*** Block opens ***

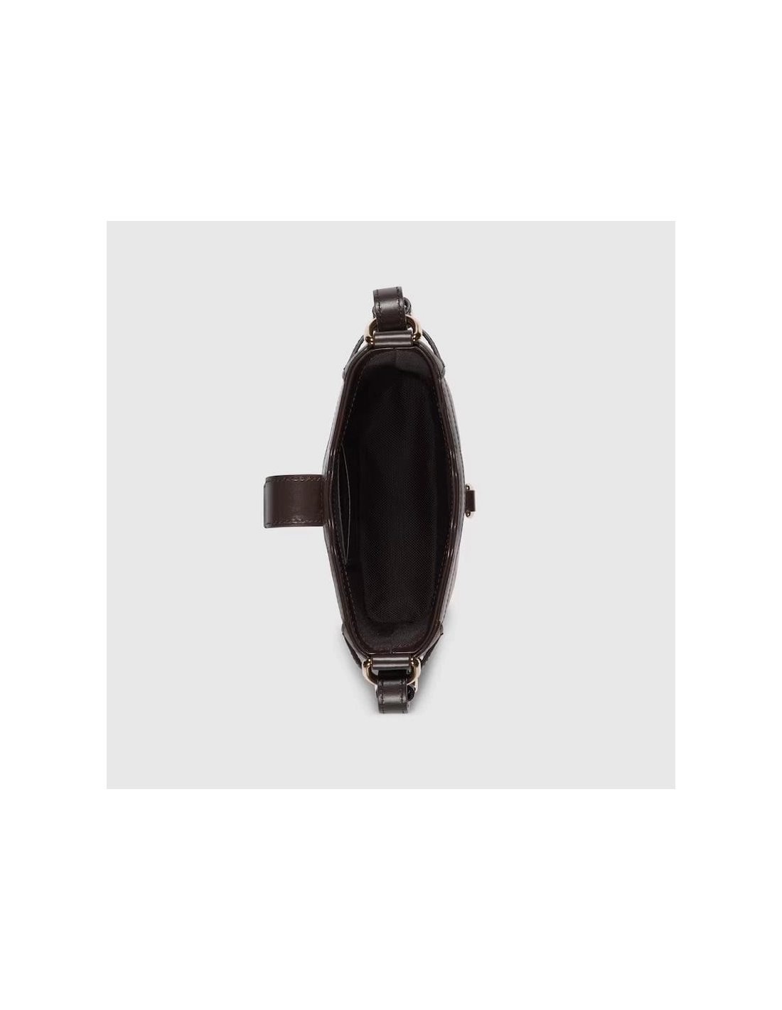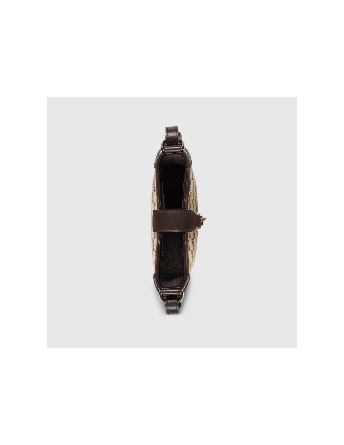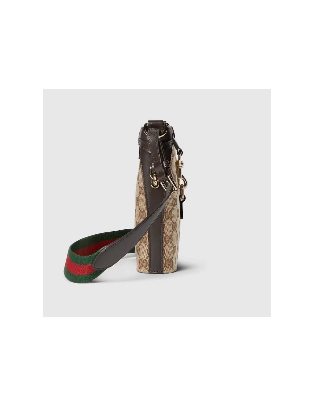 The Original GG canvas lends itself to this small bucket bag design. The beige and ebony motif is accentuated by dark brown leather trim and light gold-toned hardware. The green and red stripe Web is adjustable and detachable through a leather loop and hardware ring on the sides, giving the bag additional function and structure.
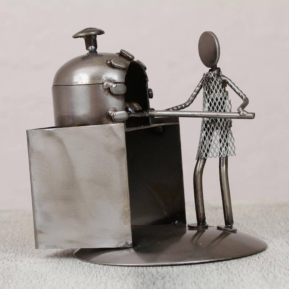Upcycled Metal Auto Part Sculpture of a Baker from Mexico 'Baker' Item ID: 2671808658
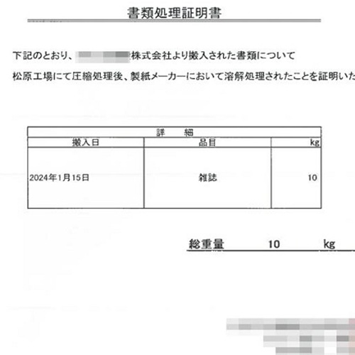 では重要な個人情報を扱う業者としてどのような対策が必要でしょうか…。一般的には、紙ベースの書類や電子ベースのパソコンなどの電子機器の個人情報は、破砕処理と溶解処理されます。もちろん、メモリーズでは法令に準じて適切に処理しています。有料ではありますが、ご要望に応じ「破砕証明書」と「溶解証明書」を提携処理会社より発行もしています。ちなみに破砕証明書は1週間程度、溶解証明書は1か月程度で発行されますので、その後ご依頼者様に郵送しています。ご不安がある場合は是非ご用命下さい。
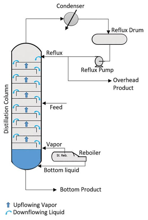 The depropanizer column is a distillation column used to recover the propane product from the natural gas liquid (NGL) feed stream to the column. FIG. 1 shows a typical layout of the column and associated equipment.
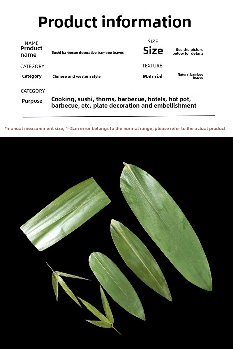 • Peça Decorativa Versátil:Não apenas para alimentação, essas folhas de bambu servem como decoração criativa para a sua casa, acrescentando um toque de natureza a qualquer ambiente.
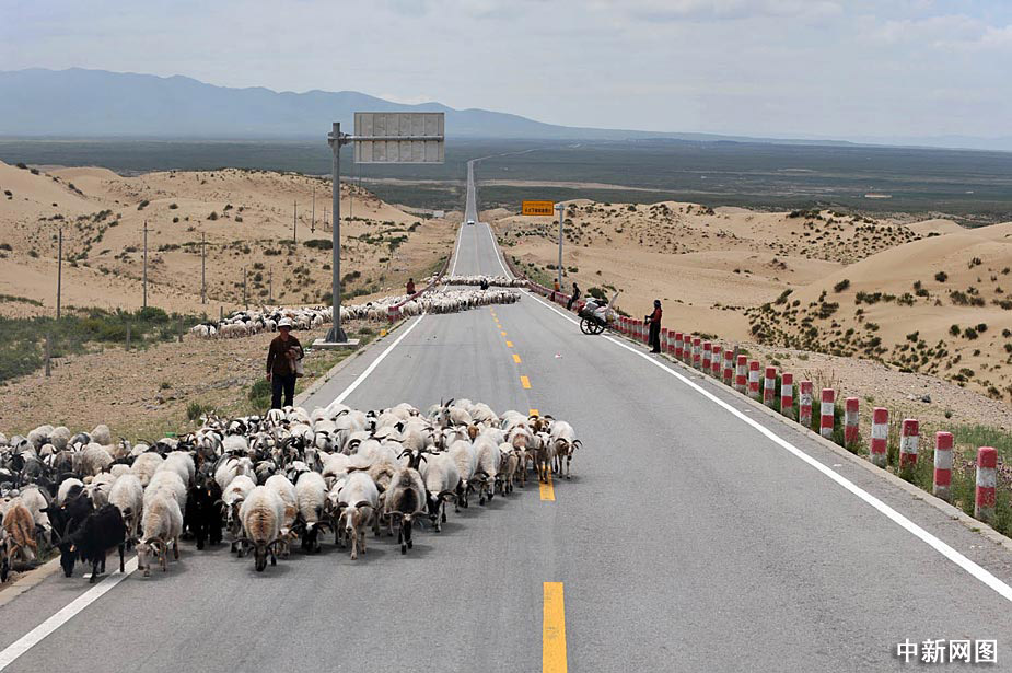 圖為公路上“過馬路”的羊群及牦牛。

*** Block closes ***
*** Block opens ***

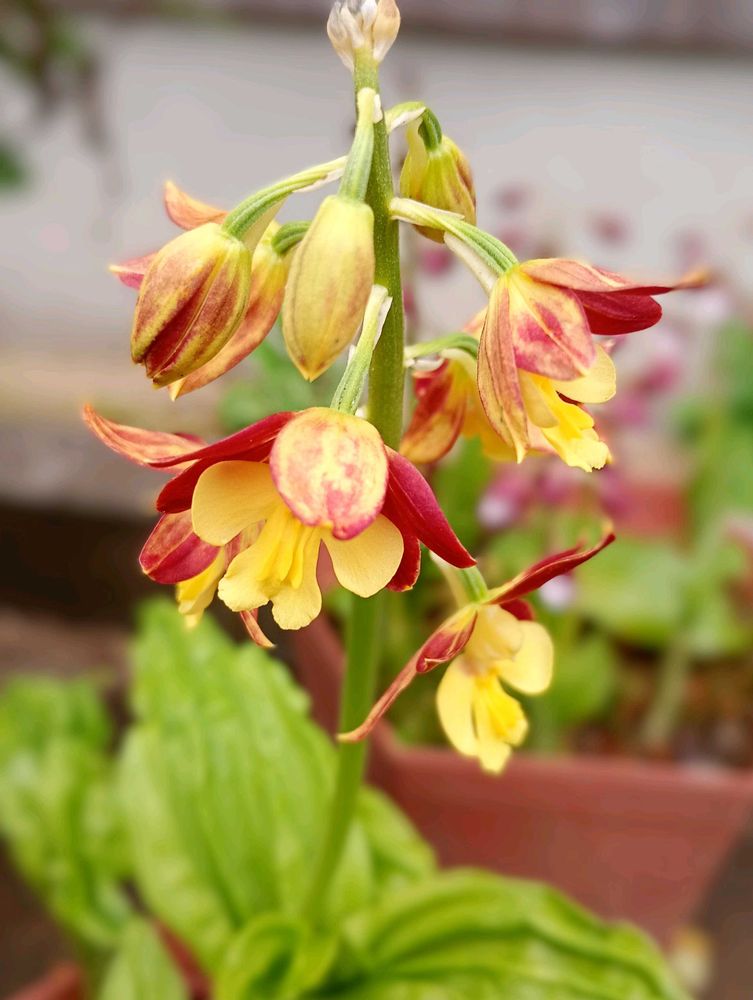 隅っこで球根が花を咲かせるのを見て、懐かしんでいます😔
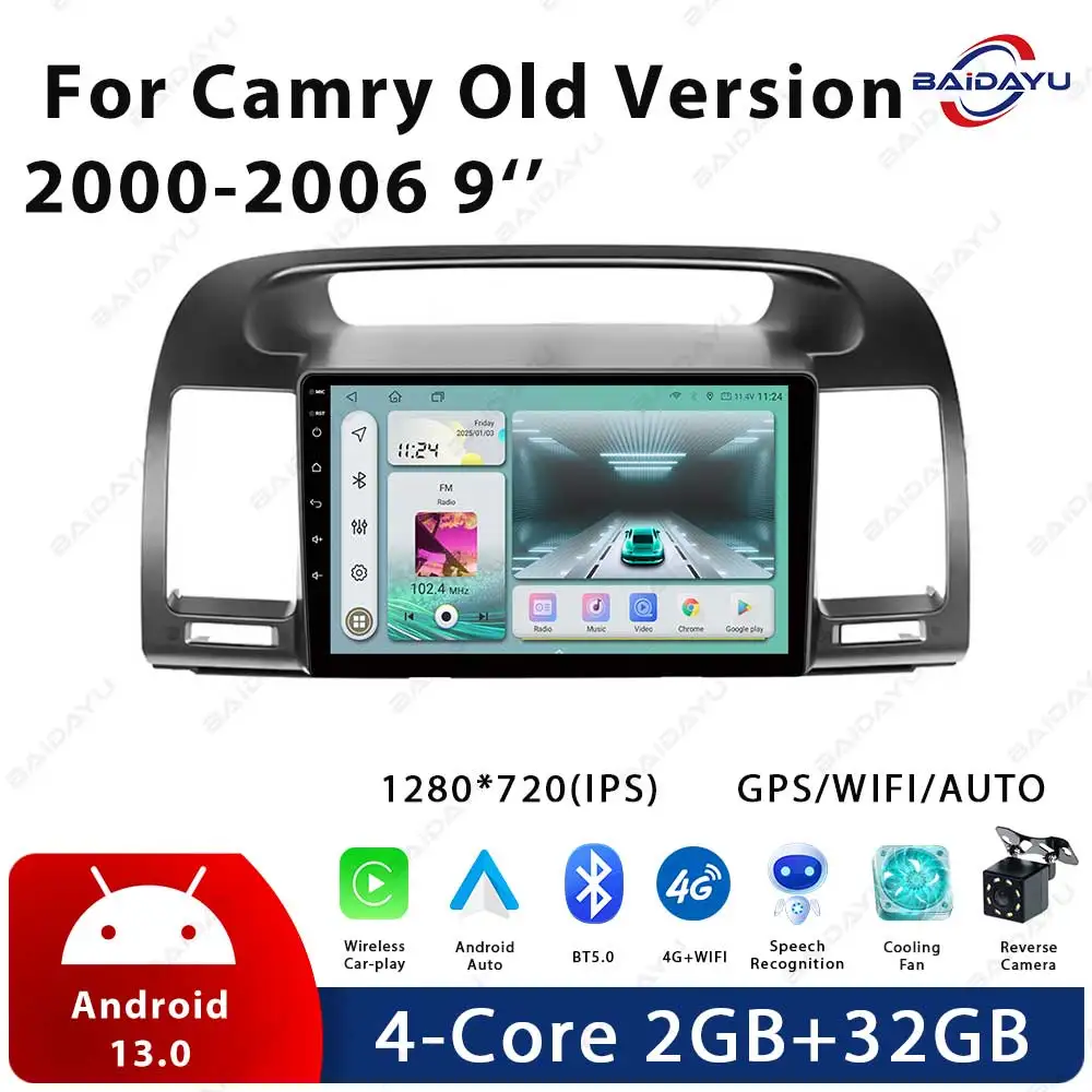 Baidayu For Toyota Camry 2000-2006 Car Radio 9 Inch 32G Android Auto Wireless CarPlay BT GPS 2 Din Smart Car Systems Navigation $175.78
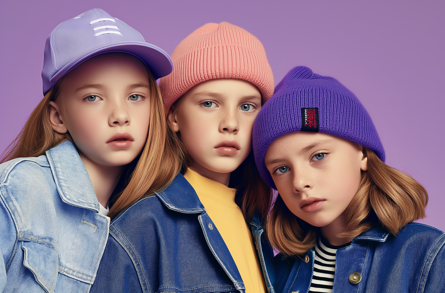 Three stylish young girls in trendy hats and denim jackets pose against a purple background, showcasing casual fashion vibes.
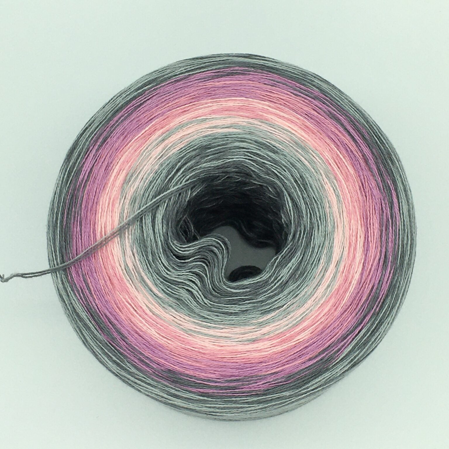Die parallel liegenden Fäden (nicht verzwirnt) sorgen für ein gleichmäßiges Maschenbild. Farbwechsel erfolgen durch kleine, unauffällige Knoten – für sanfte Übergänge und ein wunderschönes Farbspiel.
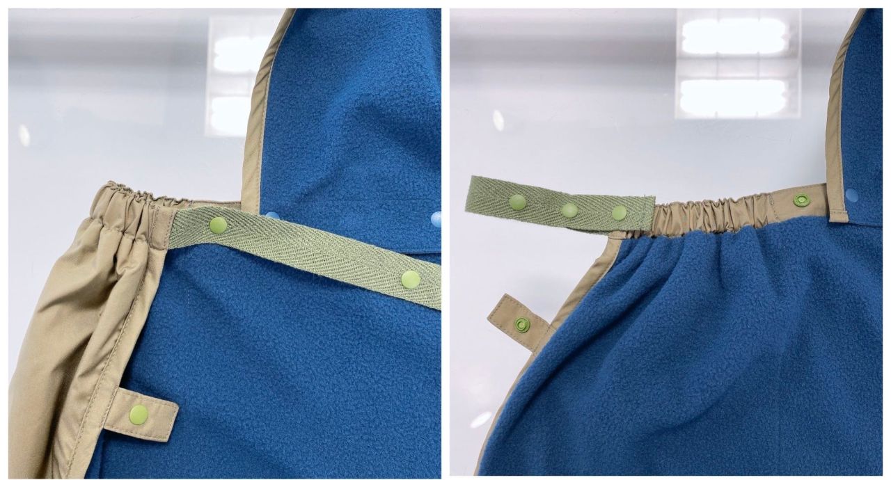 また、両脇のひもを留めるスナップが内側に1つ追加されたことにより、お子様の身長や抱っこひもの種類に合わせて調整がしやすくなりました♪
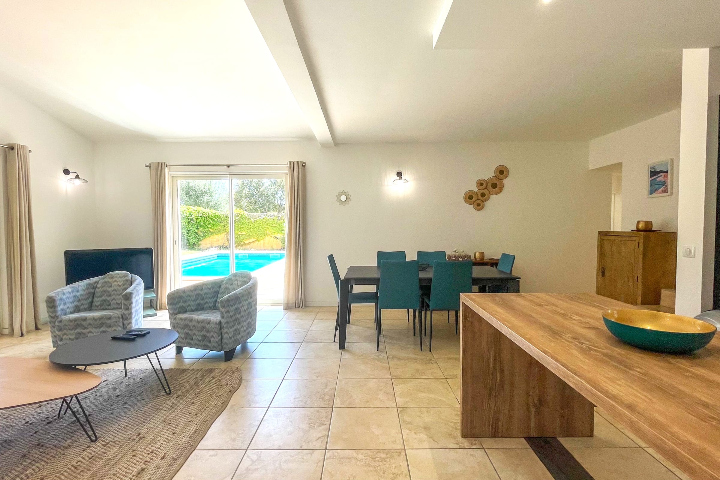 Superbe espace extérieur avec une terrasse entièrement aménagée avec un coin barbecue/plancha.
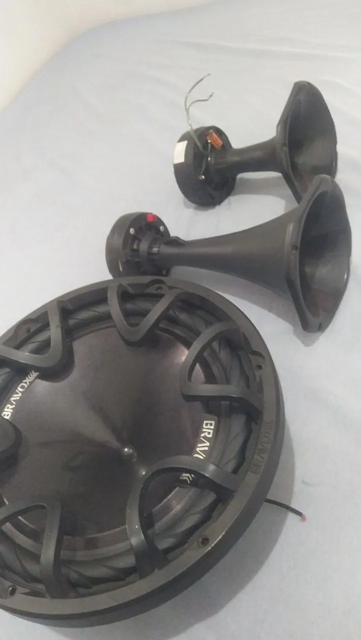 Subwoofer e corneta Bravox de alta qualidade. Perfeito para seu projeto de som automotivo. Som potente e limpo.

*** Block closes ***

Excluding any pictures, print exactly the lines of the listing above from the line with "Die parallel liegenden" to the line with "Subwoofer e corneta", both ends included.

Die parallel liegenden Fäden (nicht verzwirnt) sorgen für ein gleichmäßiges Maschenbild. Farbwechsel erfolgen durch kleine, unauffällige Knoten – für sanfte Übergänge und ein wunderschönes Farbspiel.
 また、両脇のひもを留めるスナップが内側に1つ追加されたことにより、お子様の身長や抱っこひもの種類に合わせて調整がしやすくなりました♪
 Superbe espace extérieur avec une terrasse entièrement aménagée avec un coin barbecue/plancha.
 Subwoofer e corneta Bravox de alta qualidade. Perfeito para seu projeto de som automotivo. Som potente e limpo.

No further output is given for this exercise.